- Marta Cacciavillani
- Pat Elifritz
- Lynn Maliszewski
The Center for Curatorial Studies, Bard College (CCS Bard) presents three exhibitions featuring works selected from the Marieluise Hessel Collection, the Bard College Collection, and the CCS Bard Library and Archives. Each exhibition is curated by a second-year student in its graduate program in curatorial studies and contemporary art.
Carta Blanca
Gabriel Orozco
Curated by Marta Cacciavillani
Carta Blanca brings together a selection of works from the Marieluise Hessel Collection created by the Mexican artist Gabriel Orozco (b. 1962). Orozco emerged in the early 1990s, and was soon considered one of the most intriguing artists of his generation. By resisting the confinement of a single medium, Orozco situates his work in a place that he claims “merges art and reality” blurring the boundaries between the art object and the everyday environment.
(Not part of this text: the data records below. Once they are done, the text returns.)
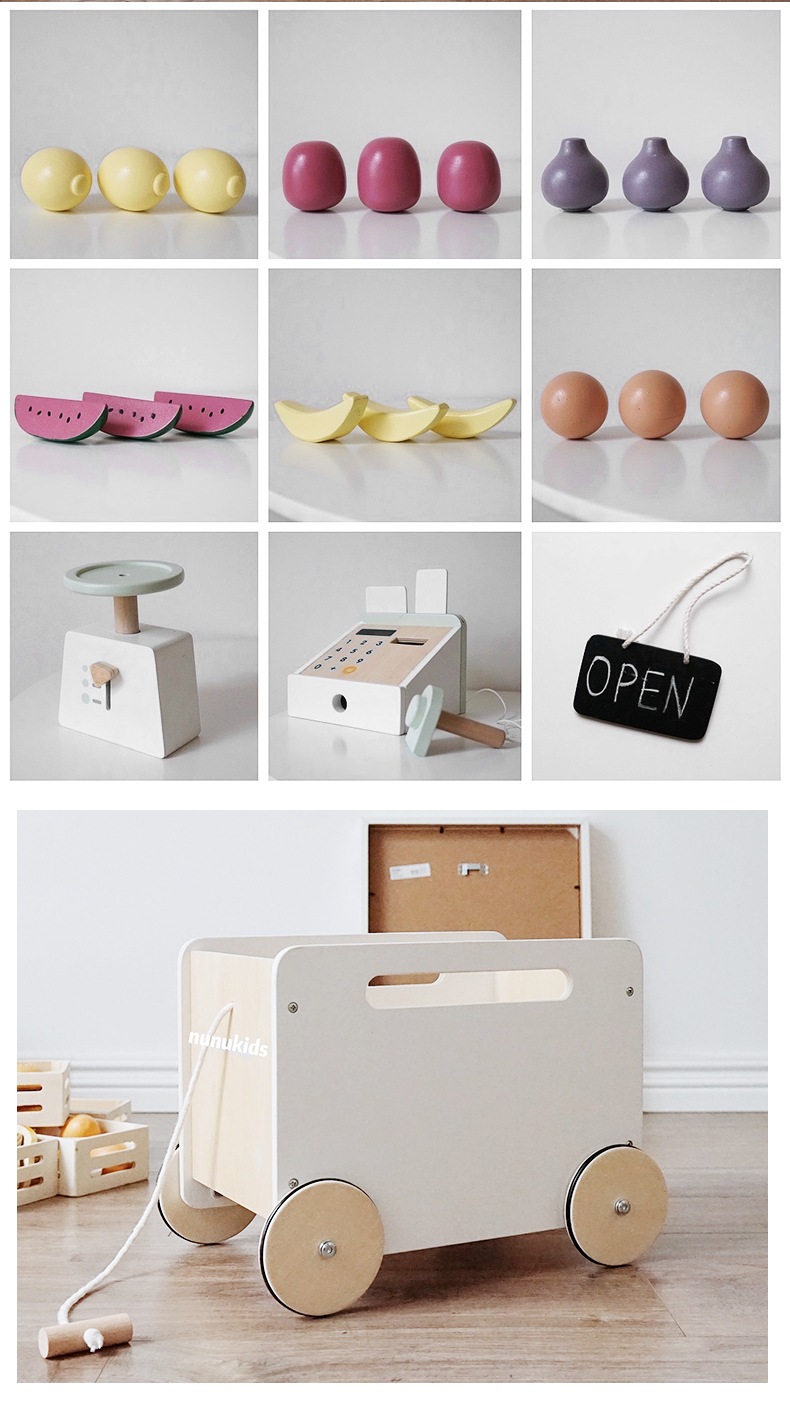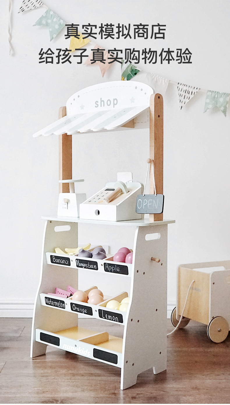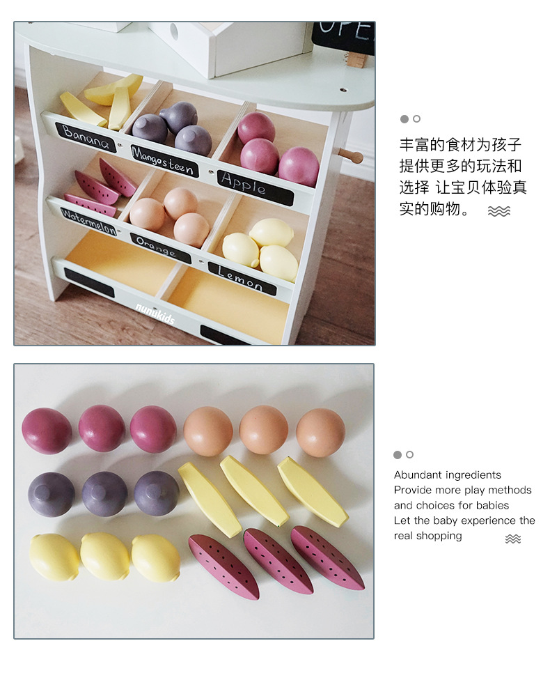 어린이 시뮬레이션 과일 판매 책상 슈퍼마켓 금전 등록기 장난감 플레이 하우스 세트 판매 과일과 야채 매점
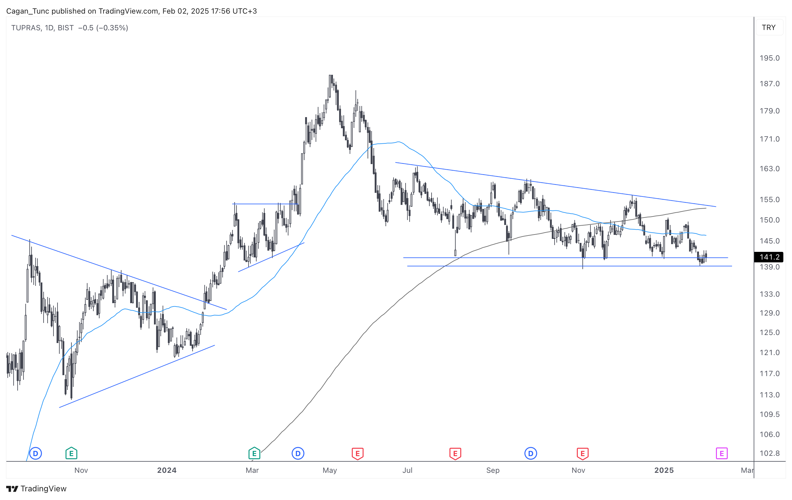 #TUPRS - Ortalamaların altında fiyatlanan ve düşüş trendi devam eden bu hisse senedi önemli destek seviyesinin üzerinde duruyor. Alçalan üçgen görüntüsünün aşağı yönlü kırılımı fiyatı bir boy daha aşağı taşıyacaktır. Benim bakış açıma göre zamana ihtiyacı olan bu hisse senedinin yukarı yönlü momentum kazanabilmesi için fiyatın öncelikle ortalamaların üzerine yerleşmesi gerekiyor.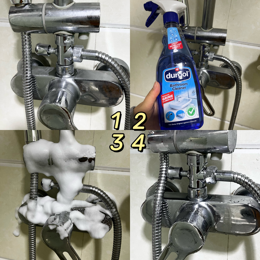 清洁水龙头等五金件也是同样操作,喷上后静置2分钟水垢就能瓦解掉七七八八!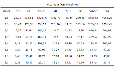 Using such equations and considering a safety factor of 1,1 a minimum slope and maximum height of the dam were determined for all types of material studied, which are presented in Tables 5 and 6, respectively.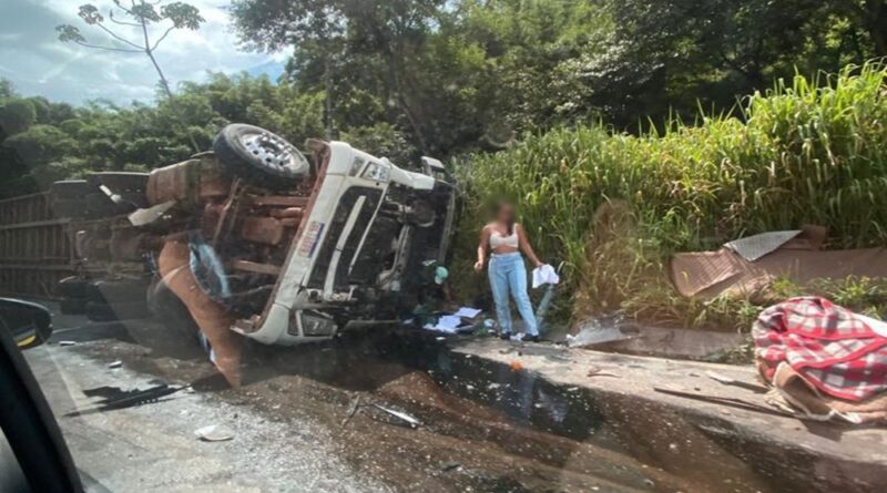 13 pessoas ficam feridas após caminhão com bois tombar em cima de van, na BR-381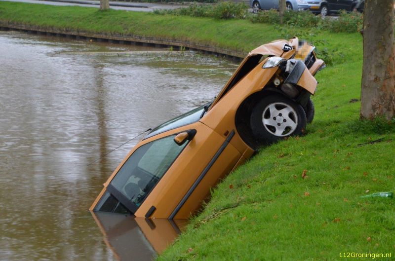 Auto raakt te water bij Oude Pekela

His distinct formal elegance is observable in his sculptures from recovered trash, drawings made on airplane boarding passes, and color photographs. The exhibition Carta Blanca presents various examples of his rigorous yet poetic approach to art making to further dissect Orozco’s visual vocabulary.
Guilty of Everything
Francesco Clemente
Curated by Pat Elifritz
In 1986, the Italian painter Francesco Clemente (b. 1953) co-founded Hanuman Books, with the American publisher Raymond Foye. Clemente and Foye developed the publication series as an outlet for contemporary authors, poets, and artists, rare titles, and new translations. The small, pocket-sized books were designed by Clemente and published twelve times a year, yielding a catalog of over fifty individual titles by the early 1990s. Contributors included Eileen Myles, Simone Weil, Jean Genet, Dodie Bellamy, Jack Smith, and Herbert Huncke, among many others. Guilty of Everything presents the near entirety of the Hanuman catalog, with a series of paintings made by Clemente in the 1980s. Together, the exhibition considers Clemente’s generative years of literary and visual reciprocity.
Liquid Modernity
Cory Arcangel, Tauba Auerbach, Ingrid and Iain Baxter, Mel Bochner, Dan Graham, Douglas Huebler, Marshall McLuhan, George Maciunas, N.E. Thing Co., Blake Rayne, Elaine Reichek, Bernar Venet, Stephen Willats
Curated by Lynn Maliszewski
Liquid Modernity is an exhibition that examines the legibility of data in artistic practice, primarily by way of printed media from the 1970s and 2000s. Sociologist Zygmunt Bauman’s book of the same name proposes that the epitome of modernity has shifted from rigid and rational to fluid and decentralized — an all too neat linear progression from “hardware” to “software” that this exhibition challenges. By placing two discrete generations of artistic practice in conversation with one another, Liquid Modernity reevaluates the ways in which the ubiquity of technology influences the interpretation of information.